WORK REQUIRED — When you reach the line containing "探讨小学品德与社会课程有效教", begin reproducing the material exactly, stop after the line containing "ОТВЕТ на задание", and leave out any pictures along the way.

RECORDS SHOWN —
=====
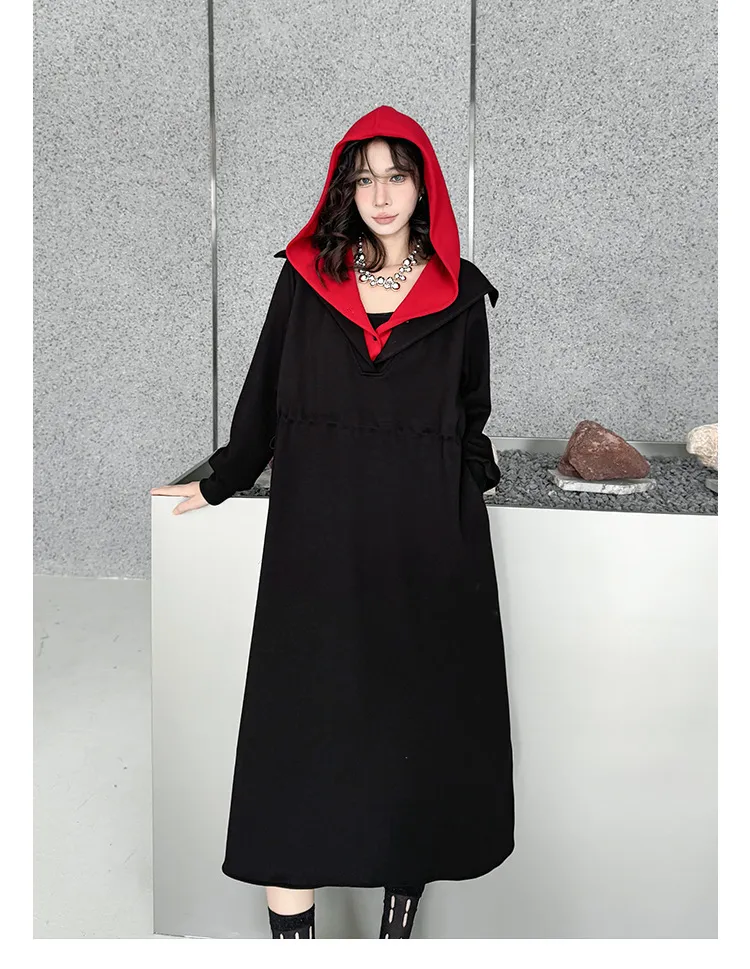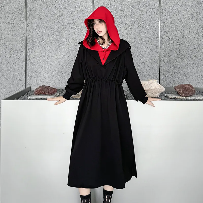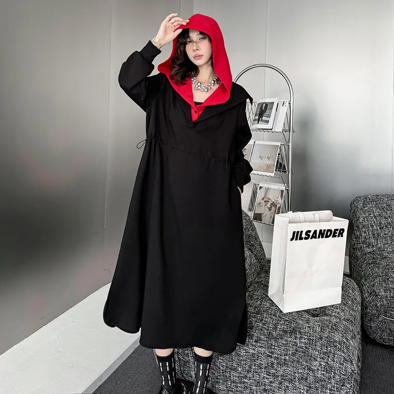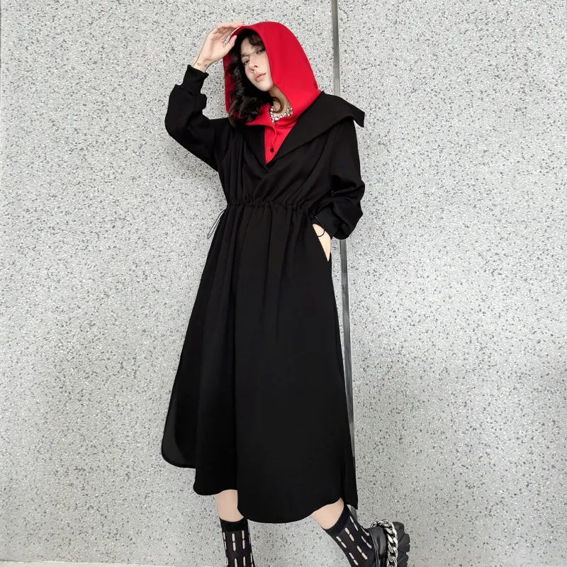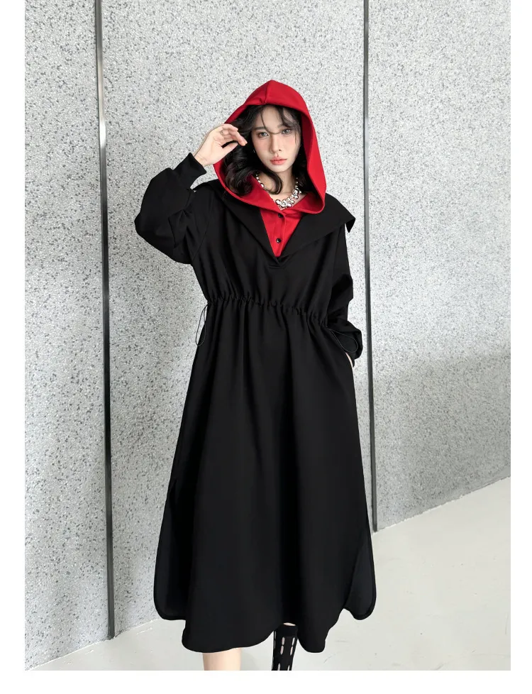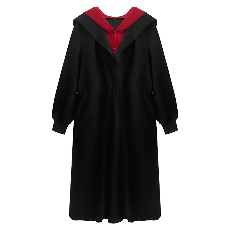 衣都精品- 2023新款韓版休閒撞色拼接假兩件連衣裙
=====
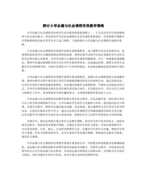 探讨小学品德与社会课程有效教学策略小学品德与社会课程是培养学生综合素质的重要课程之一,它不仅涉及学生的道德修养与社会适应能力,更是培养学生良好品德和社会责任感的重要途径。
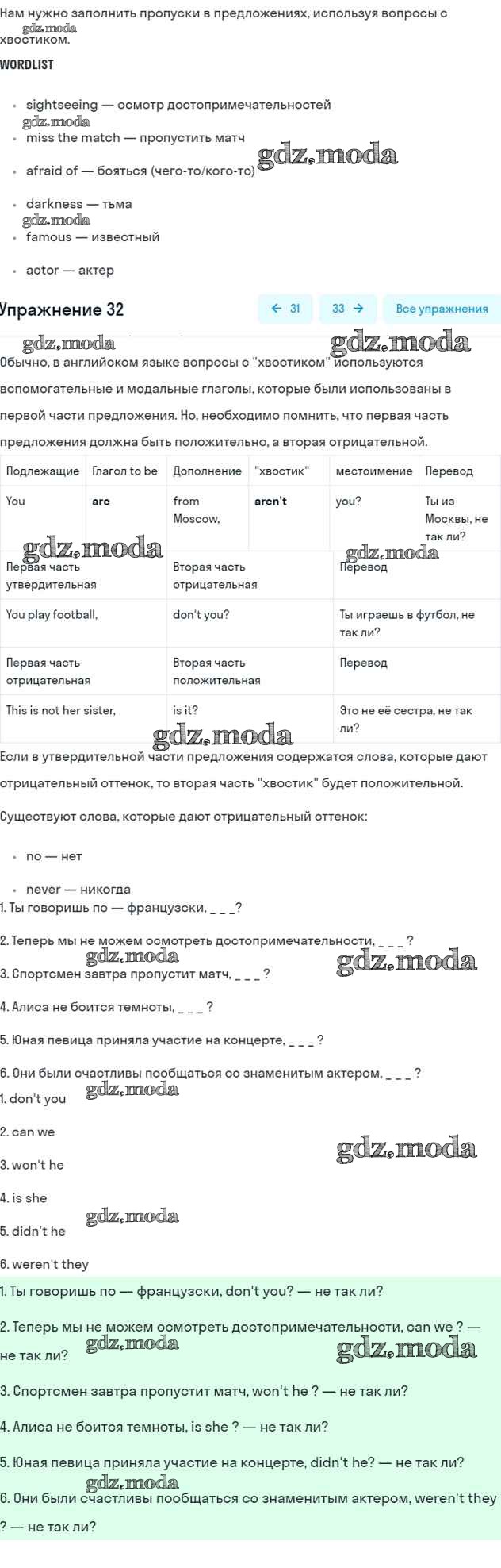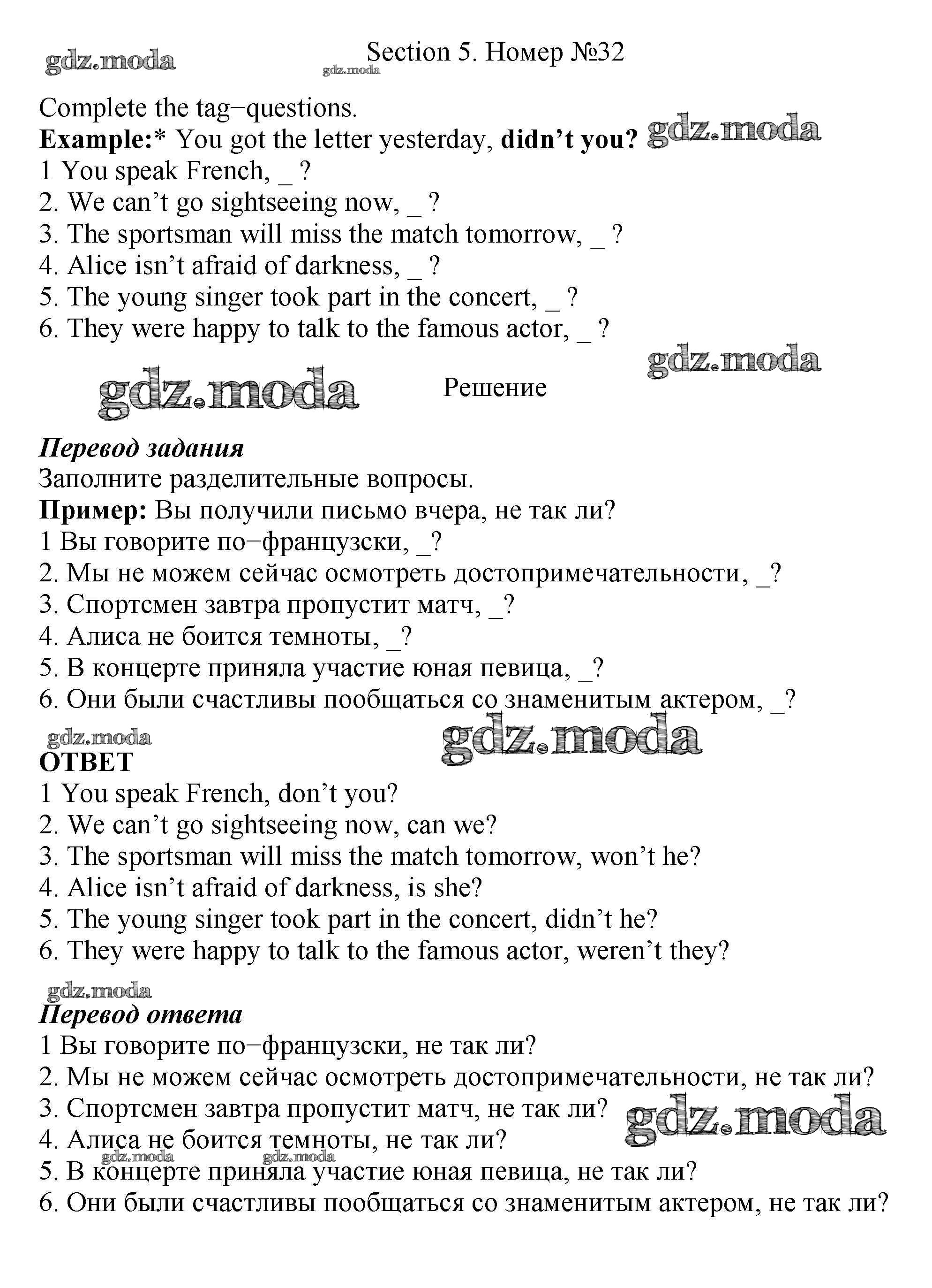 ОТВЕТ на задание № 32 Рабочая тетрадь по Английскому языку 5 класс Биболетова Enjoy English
=====
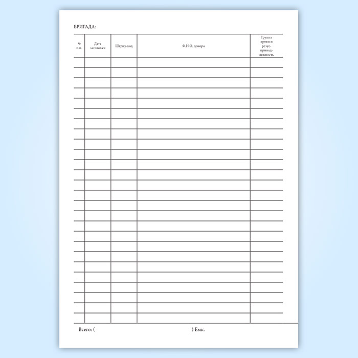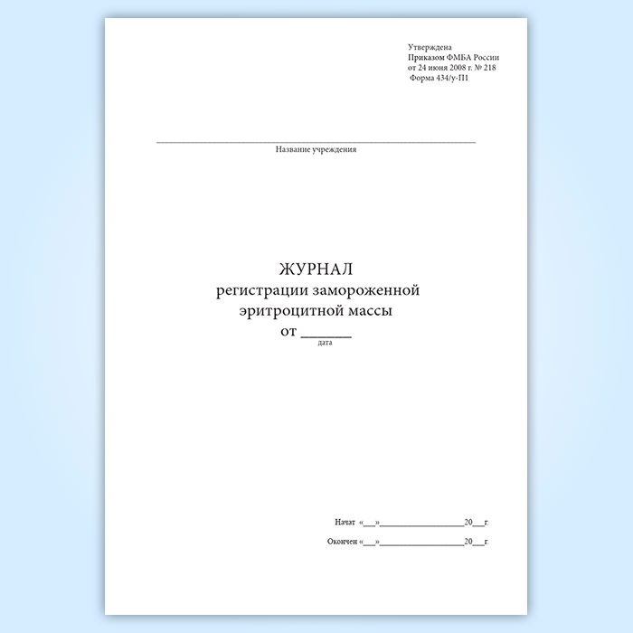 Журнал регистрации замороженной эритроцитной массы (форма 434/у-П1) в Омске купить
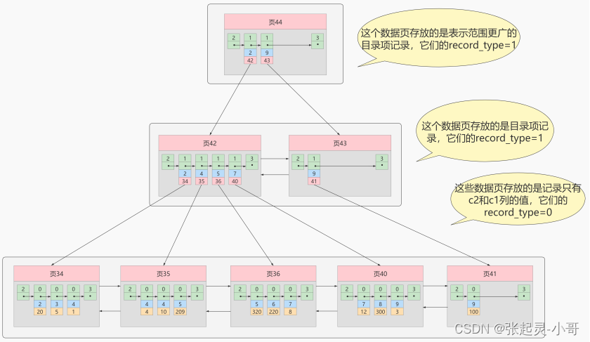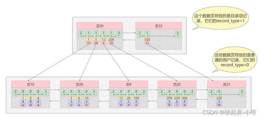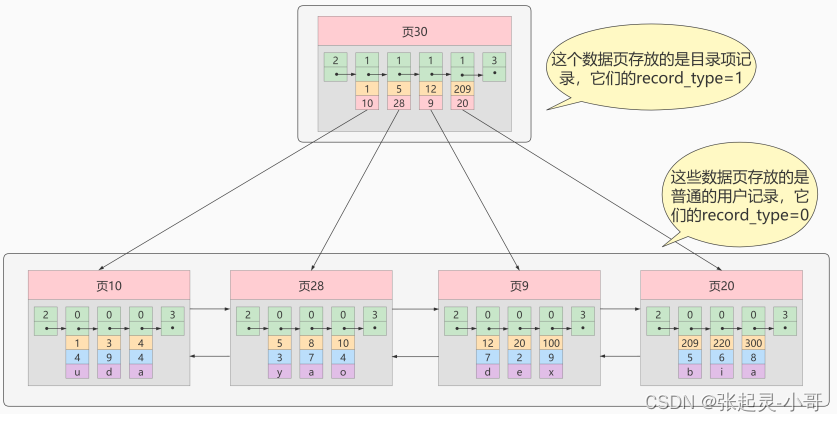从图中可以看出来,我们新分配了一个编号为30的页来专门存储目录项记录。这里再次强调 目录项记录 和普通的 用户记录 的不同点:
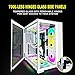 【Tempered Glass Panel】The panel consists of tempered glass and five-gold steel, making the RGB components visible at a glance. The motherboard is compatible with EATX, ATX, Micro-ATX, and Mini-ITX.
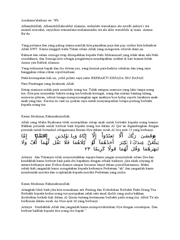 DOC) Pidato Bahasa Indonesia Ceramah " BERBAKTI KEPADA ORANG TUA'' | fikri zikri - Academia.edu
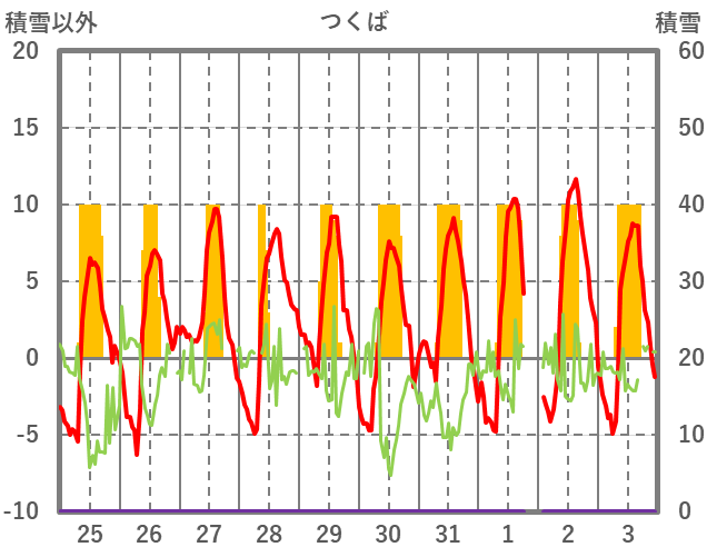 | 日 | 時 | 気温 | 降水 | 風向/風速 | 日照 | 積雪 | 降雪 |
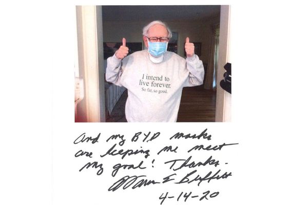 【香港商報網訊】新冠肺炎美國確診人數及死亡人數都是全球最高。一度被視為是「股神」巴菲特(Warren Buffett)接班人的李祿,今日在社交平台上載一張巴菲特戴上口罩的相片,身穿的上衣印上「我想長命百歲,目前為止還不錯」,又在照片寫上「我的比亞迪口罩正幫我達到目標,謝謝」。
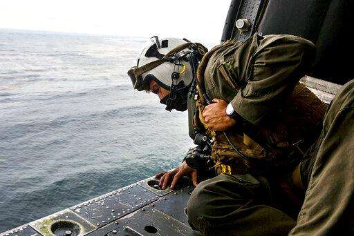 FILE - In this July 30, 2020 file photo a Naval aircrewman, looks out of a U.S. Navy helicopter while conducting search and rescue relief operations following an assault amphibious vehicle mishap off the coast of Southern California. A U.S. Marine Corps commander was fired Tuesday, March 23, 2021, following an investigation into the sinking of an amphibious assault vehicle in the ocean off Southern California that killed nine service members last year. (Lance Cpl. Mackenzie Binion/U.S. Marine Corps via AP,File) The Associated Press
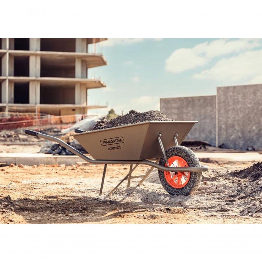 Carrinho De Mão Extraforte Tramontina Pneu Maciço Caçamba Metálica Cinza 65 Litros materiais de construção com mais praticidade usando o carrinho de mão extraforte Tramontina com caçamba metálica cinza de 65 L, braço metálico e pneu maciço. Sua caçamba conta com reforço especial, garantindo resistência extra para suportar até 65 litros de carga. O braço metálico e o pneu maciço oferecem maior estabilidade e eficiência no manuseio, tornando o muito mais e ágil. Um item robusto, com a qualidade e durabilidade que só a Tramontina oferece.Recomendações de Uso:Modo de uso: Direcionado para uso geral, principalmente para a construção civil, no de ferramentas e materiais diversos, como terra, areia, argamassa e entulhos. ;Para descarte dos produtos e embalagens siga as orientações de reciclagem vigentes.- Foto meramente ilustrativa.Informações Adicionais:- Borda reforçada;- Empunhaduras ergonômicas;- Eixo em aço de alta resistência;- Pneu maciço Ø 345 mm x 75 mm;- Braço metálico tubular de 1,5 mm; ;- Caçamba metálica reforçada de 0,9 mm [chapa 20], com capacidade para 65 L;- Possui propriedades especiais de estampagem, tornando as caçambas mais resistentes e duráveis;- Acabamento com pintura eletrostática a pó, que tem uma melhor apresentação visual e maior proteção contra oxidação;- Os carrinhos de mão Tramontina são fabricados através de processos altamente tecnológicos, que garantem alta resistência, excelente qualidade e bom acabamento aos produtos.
=====
RESULT OF THE TASK —
 探讨小学品德与社会课程有效教学策略小学品德与社会课程是培养学生综合素质的重要课程之一,它不仅涉及学生的道德修养与社会适应能力,更是培养学生良好品德和社会责任感的重要途径。
 ОТВЕТ на задание № 32 Рабочая тетрадь по Английскому языку 5 класс Биболетова Enjoy English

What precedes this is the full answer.